We should not try to workaround broken configurations, there are just
too many possibilities to configure a broken network.

Re: [PATCH] xfrm:fragmented ipv4 tunnel packets in inner interface

[Maciej Żenczykowski]

On Mon, Nov 9, 2020 at 1:58 AM Steffen Klassert
<steffen.klassert@secunet.com> wrote:
>
> On Thu, Nov 05, 2020 at 01:52:01PM +0900, Lorenzo Colitti wrote:
> > On Tue, Sep 15, 2020 at 4:30 PM Steffen Klassert
> > <steffen.klassert@secunet.com> wrote:
> > > > In esp's tunnel mode,if inner interface is ipv4,outer is ipv4,one big
> > > > packet which travels through tunnel will be fragmented with outer
> > > > interface's mtu,peer server will remove tunnelled esp header and assemble
> > > > them in big packet.After forwarding such packet to next endpoint,it will
> > > > be dropped because of exceeding mtu or be returned ICMP(packet-too-big).
> > >
> > > What is the exact case where packets are dropped? Given that the packet
> > > was fragmented (and reassembled), I'd assume the DF bit was not set. So
> > > every router along the path is allowed to fragment again if needed.
> >
> > In general, isn't it just suboptimal to rely on fragmentation if the
> > sender already knows the packet is too big? That's why we have things
> > like path MTU discovery (RFC 1191).
>
> When we setup packets that are sent from a local socket, we take
> MTU/PMTU info we have into account. So we don't create fragments in
> that case.
>
> When forwarding packets it is different. The router that can not
> TX the packet because it exceeds the MTU of the sending interface
> is responsible to either fragment (if DF is not set), or send a
> PMTU notification (if DF is set). So if we are able to transmit
> the packet, we do it.
>
> > Fragmentation is generally
> > expensive, increases the chance of packet loss, and has historically
> > caused lots of security vulnerabilities. Also, in real world networks,
> > fragments sometimes just don't work, either because intermediate
> > routers don't fragment, or because firewalls drop the fragments due to
> > security reasons.
> >
> > While it's possible in theory to ask these operators to configure
> > their routers to fragment packets, that may not result in the network
> > being fixed, due to hardware constraints, security policy or other
> > reasons.
>
> We can not really do anything here. If a flow has no DF bit set
> on the packets, we can not rely on PMTU information. If we have PMTU
> info on the route, then we have it because some other flow (that has
> DF bit set on the packets) triggered PMTU discovery. That means that
> the PMTU information is reset when this flow (with DF set) stops
> sending packets.

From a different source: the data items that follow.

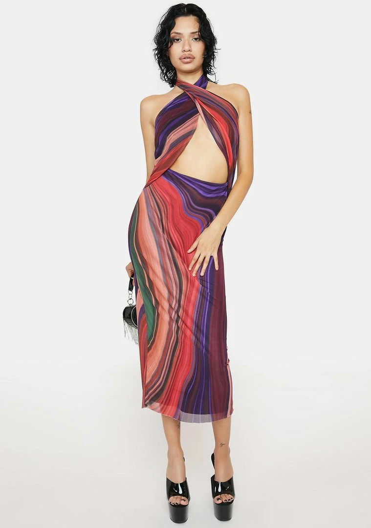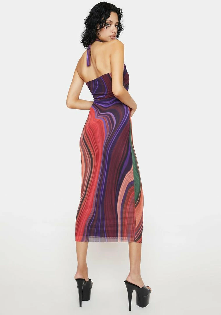 has a mesh construction, a cut out design, a halter neckline, an adjustable tie closure, and a swirl abstract print all over.
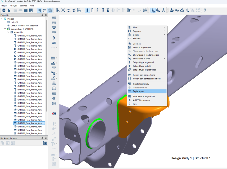プロジェクトツリーまたはモデリングウィンドウから、交換するパートを右クリックし、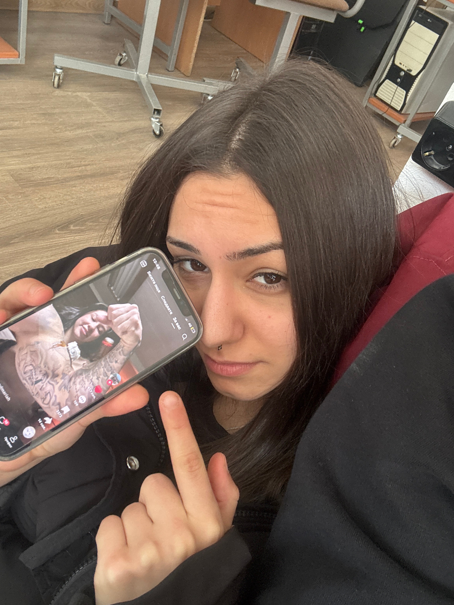 A young woman with long dark hair is lying down, holding a smartphone in her left hand, and pointing at it with the index finger of her right hand. The phone displays a TikTok video of another woman w…read more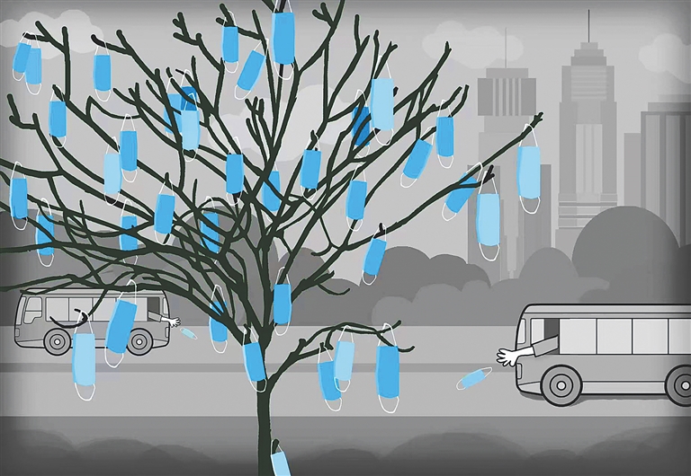 口罩是阻挡病毒传播的利器。随着口罩使用量增多,一些人将用过的口罩随手丢弃,这一问题引起人们的关注。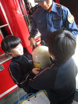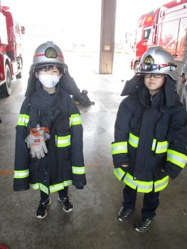 消防士は24時間働いていることや、火事がない時はトレーニングをしていることを教えていただきました。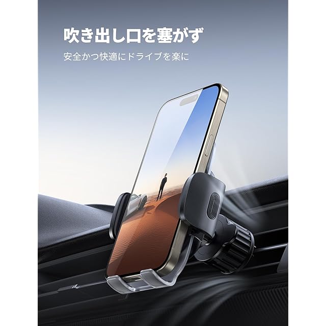 【金属製フック・ワンタッチ】スマホホルダー 車 吹き出し口 Lamicall アクリル バネ 式 フック エアコン 固定 車載 スマホ スタンド 送風口 ルーバー 自動車 携帯 片手操作 ワンタッチ 伸縮アーム 360度回転 iPhone 16/16Plus/16pro/16pro max/iPhone15/14/13/12 mini android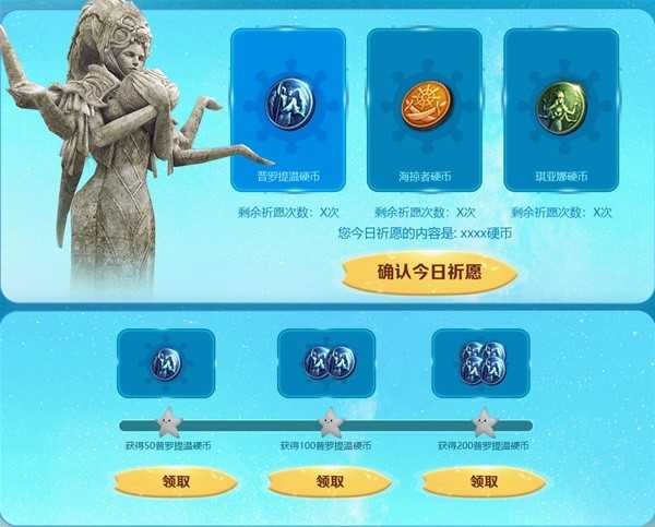 除此之外,还有每日祈愿福利等待大家,冒险家们可以在普罗提温硬币、海掠者硬币、琪亚娜硬币三种航海硬币中,选择一种航海币进行每日祈愿,祈愿后当天内获得的既定数量的航海币,均会翻倍。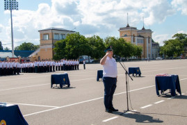 Весь личный состав училища ответил: «Родине служить!», после чего над площадью прокатилось троекратное «Ура!».

So the other flow (with DF not set) will send
> big packets again.

PMTU is by default ignored by forwarding - because it's spoofable.

That said I wonder if my recent changes to honour route mtu (for ipv4)
haven't fixed this particular issue in the presence of correctly
configured device/route mtus...

I don't understand if the problem here is locally generated packets,
or forwarded packets.

It does seem like there is (or was) a bug somewhere... but it might
already be fixed (see above) or might be caused by a misconfiguration
of device mtu or routing rules.

I don't really understand the example.

>
> > Those operators may also be in a position to place
> > requirements on devices that have to use their network. If the Linux
> > stack does not work as is on these networks, then those devices will
> > have to meet those requirements by making out-of-tree changes. It
> > would be good to avoid that if there's a better solution (e.g., make
> > this configurable via sysctl).
>
> We should not try to workaround broken configurations, there are just
> too many possibilities to configure a broken network.